I would agree that the namespace portion of an identifier must be globally unique (i.e. nobody else is creating ids in that namespace without deconflicting the full identifiers).

My assertion on the call is that any presumption of “globally unique” based soley on the probability space of possible values is a poor general approach because it does not explicitly take into account the instantial value space where the number of objects may be very large and increase the probability of collisions. It does not deterministically prevent collisions. While extremely unlikely, it is possible to have a conflict with only two objects.

On the call, I mentioned that one purpose for the namespace in the id is to ensure global uniqueness.

I did not mention another purpose and that is to support linked data and other similar use cases requiring identification of objects across existing network ecosystems. Linked data relies on URIs that can be used via http to not only identify a specific object within an end datastore somewhere through an exposed SPARQL endpoint but also uses the namespace portion of the id to route the requests to the proper endpoint. So, to support use cases such as linked data we need namespaces to be URIs themselves.

 

>>2) elements are always identified by namespace and local ID, where local means under the control of the namespace owner.  Don't get hung up on what owner means - anybody can become an owner by generating a 256 bit random number for their namespace.

 

I would rephrase this to be “elements are always identified by an identifier consisting of a combination of a namespace and a component id” I am avoiding using “local id” as it may imply that that portion of the identifier is only local to that namespace whereas the same component id could exist in multiple different namespaces. It is the combination of namespace and component id that makes the identifier globally unique.

 

>>3) Element identifiers are built into the model.  The diagram shows Element having an "idString" property, but what it should have is namespace and local_id properties that together form the primary key for the element.  Sebastian is correct, a separator isn't needed in the model because that only comes into play when serializing Element identifiers.

 

I think it is important that we realize that the identifier (idString) is a valid URI that is composed of the namespace and the component id.

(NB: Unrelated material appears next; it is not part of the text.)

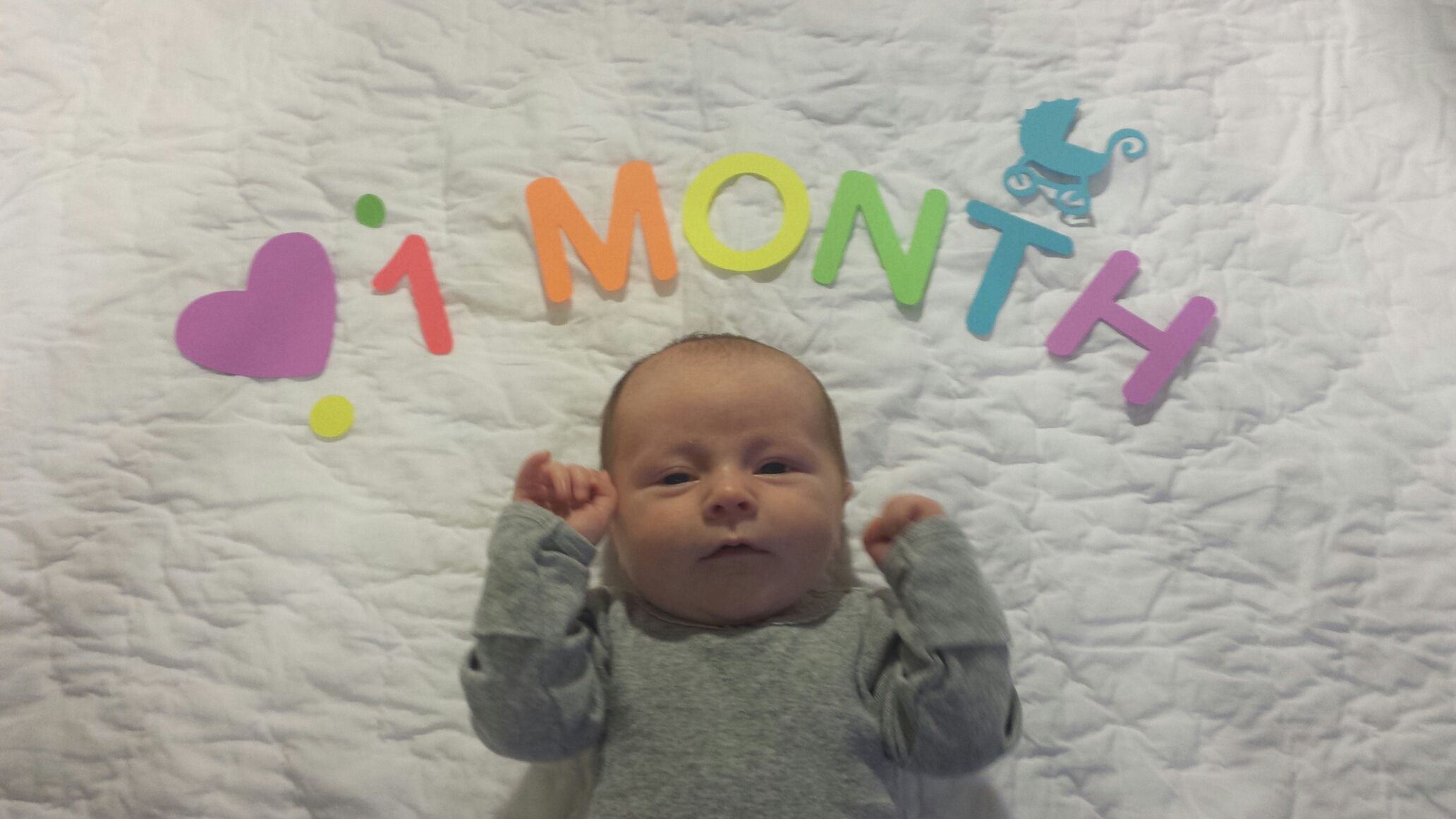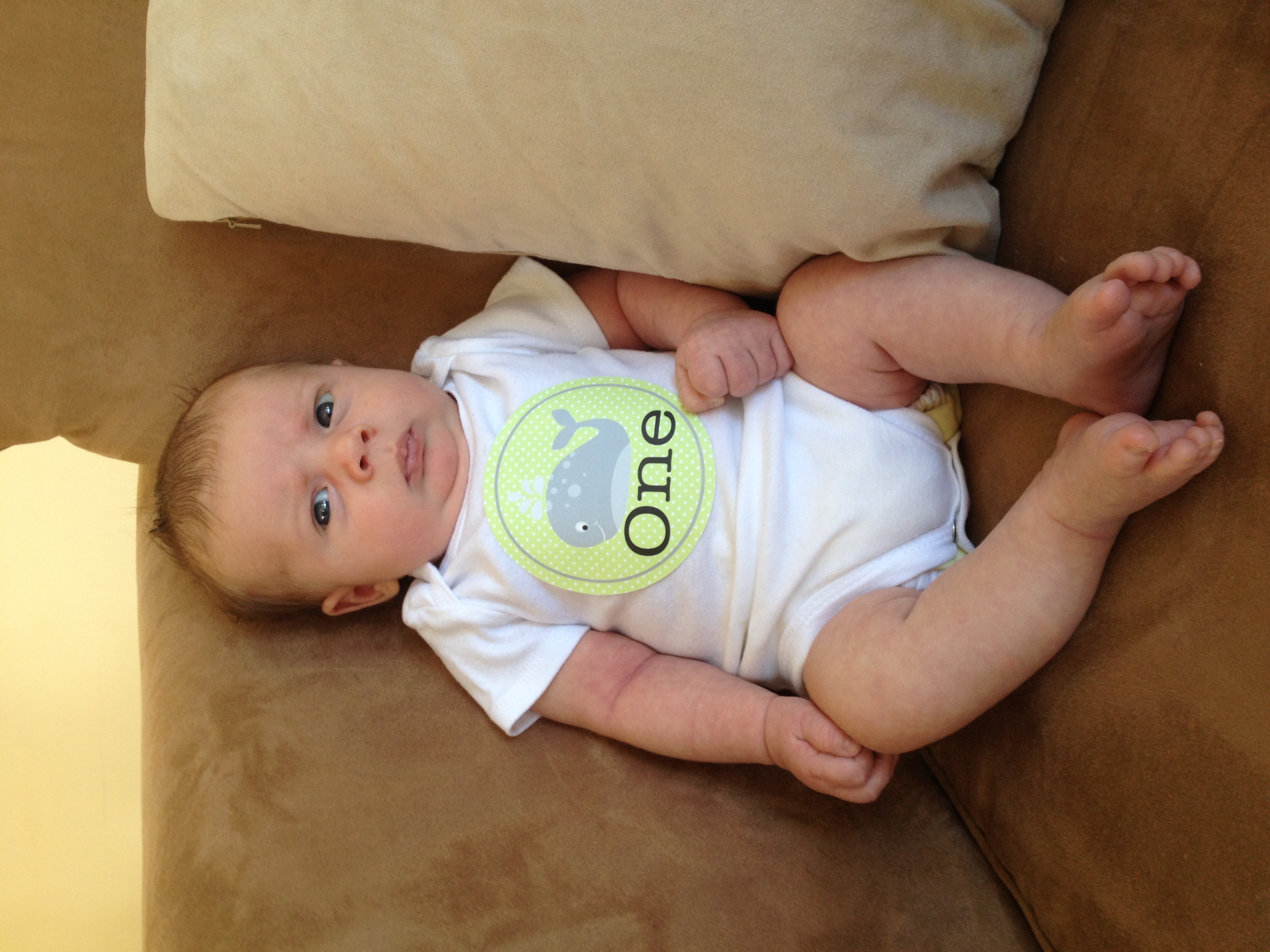 And here's his one month pic. Disclaimer: I am FAR from a professional photographer! But I did make the volleyball month sign.

It is not adequate to split these properties and store them in separate properties.

The fully composed identifier is not simply an issue of serialization.

It is necessary at the model level to support any Element level ObjectProperties within the model (createdBy, originator, element, rootElement,etc) and the ‘from’ and ‘to’ properties of Relationship Elements. These refer to a single composed identifier for each Element.

Aside from the inability to support very fundamental capabilities, it would also add unnecessary complexity to the model.

I do not see any value or advantage in wanting to split this out even if it could support necessary capabilities. I see only downsides.

 

>>4) Each serialization of Element identifiers MUST allow them to be unambiguously deserialized back to namespace and local_id properties, which is where the separator comes in.  If the deserialized value doesn't have a namespace then the Element inherits it from its containing document, or if the element doesn't have a document or other source for namespace, the local_id by itself is invalid.

Each serialization of Elements MUST maintain integrity and consistency of the fully composed identifier string during serialization and deserialization. See my above comment for the quick cut on reasoning.

Each supported serialization MUST define its own set of binding rules to and from the model. Each one will be different from the others based on the structure and expressivity of the serialization form.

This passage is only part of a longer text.